“The Year of Dumb Shit”
Well, 2021 sure was a year, huh? I guess it was better than 2020, all things considered, but I think we all also hoped to be someplace better than this by the time we bid 2021 adieu, yet here we are. I have a lot to be thankful for from the year gone by, and a lot to look forward to in the one to come, but that doesn’t mean that getting here was exactly a cake walk.
I’m not really here to rehash everything that happened in 2021. It was a lot. I stayed pretty into tabletop gaming, in spite of mostly not being able to actually play. I wrote a bunch more stuff for Privateer Press, including the contents of a couple of very successful Kickstarters, with another on the way. I didn’t publish a ton of stories, but I had a few come out, and I’m proud of them all.

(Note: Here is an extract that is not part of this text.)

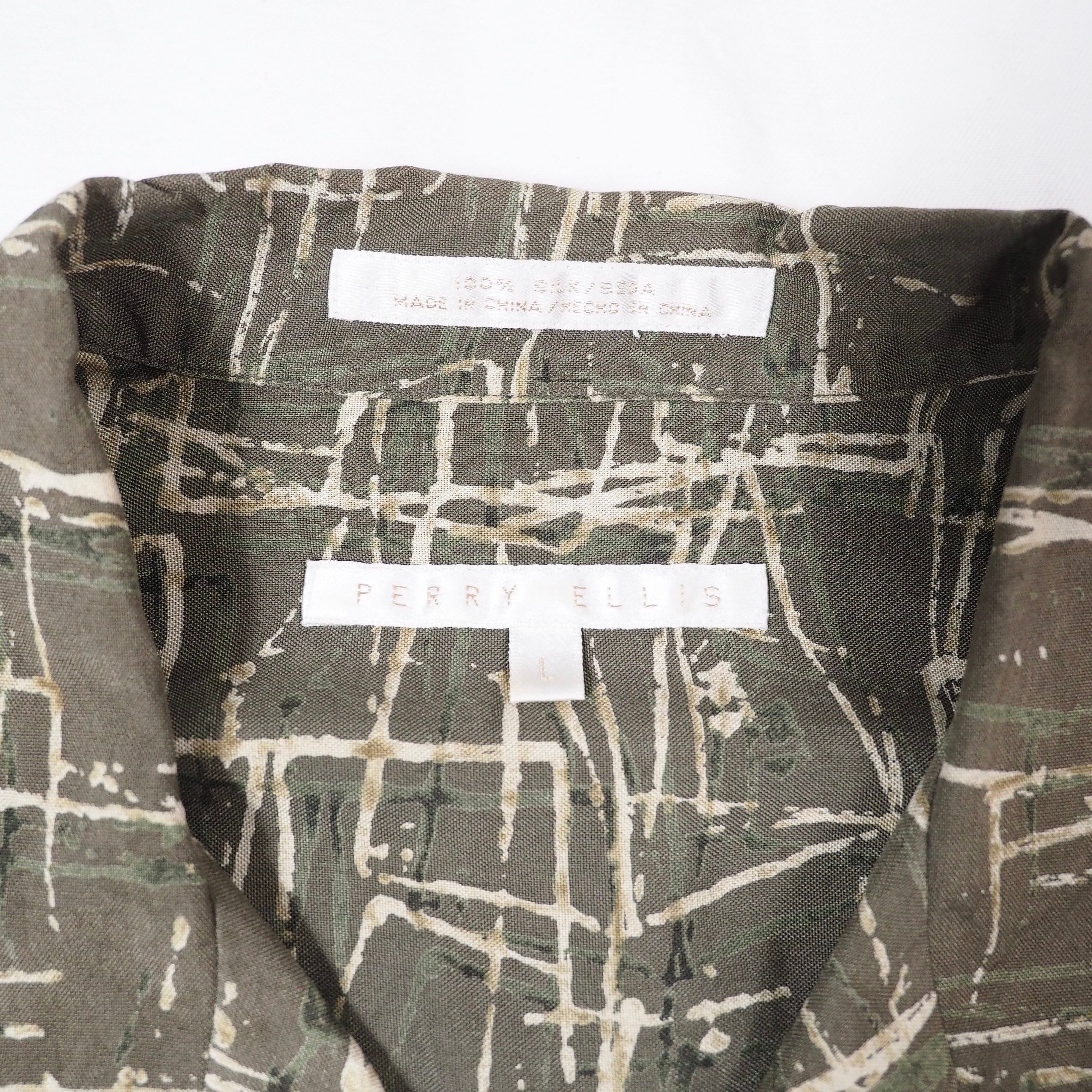 PERRY ELLIS silk open collar s/s shirt L /ペリーエリス シルク オープンカラー 半袖シャツ

I kept a daily aesthetic thread on Twitter every single day for the whole year. For the entire month of June, I wrote a tweet-length “story” about a giant monster every day. I got lampooned by the Midnight Society. I largely quit using Goodreads. I read a lot of old comic books and watched a lot of movies, and occasionally wrote about both. I read fewer books than either of those other things, but not none. I did a presentation for the Johnson County Library and peer-reviewed a book for a major university press. I wrote regular columns for Signal Horizon, Unwinnable, and Weird Horror.
It’s been a lot, is what I’m saying.
But a lot of it has been good. My freelance work has kept my nose to the grindstone for much of the year, but I can’t really complain. In all, things in my life have been pretty great, even as the world around me doesn’t always come out looking so rosy.

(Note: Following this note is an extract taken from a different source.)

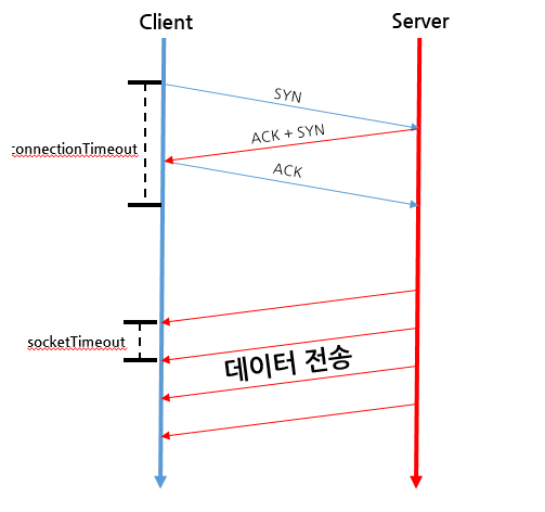 소켓타임마웃은 클라이언트에서 서버에 대한 Connection에 대한 데이터를 받는 것 까지의 Timeout을 의미한다.

I said I wasn’t here to rehash the year, though, and I’m not. I’m here to do my usual roundup of things that I watched and read. If you want something more like a proper end-of-the-year list, you can find me writing up a few of these items in various places online, or listen to me chatting with Tyler Unsell about them at the Horror Pod Class.
Now, let’s do the numbers. In the course of 2021, I watched some 270 movies. Of those, 173 were ones that I watched for the first time. Of those, roughly 19 were actually released in 2021. My busiest month was October, at 40 movies. My least was May, with only 13. The first movie I watched in 2021 was Ma Rainey’s Black Bottom (2020), the last was Zeiram (1991).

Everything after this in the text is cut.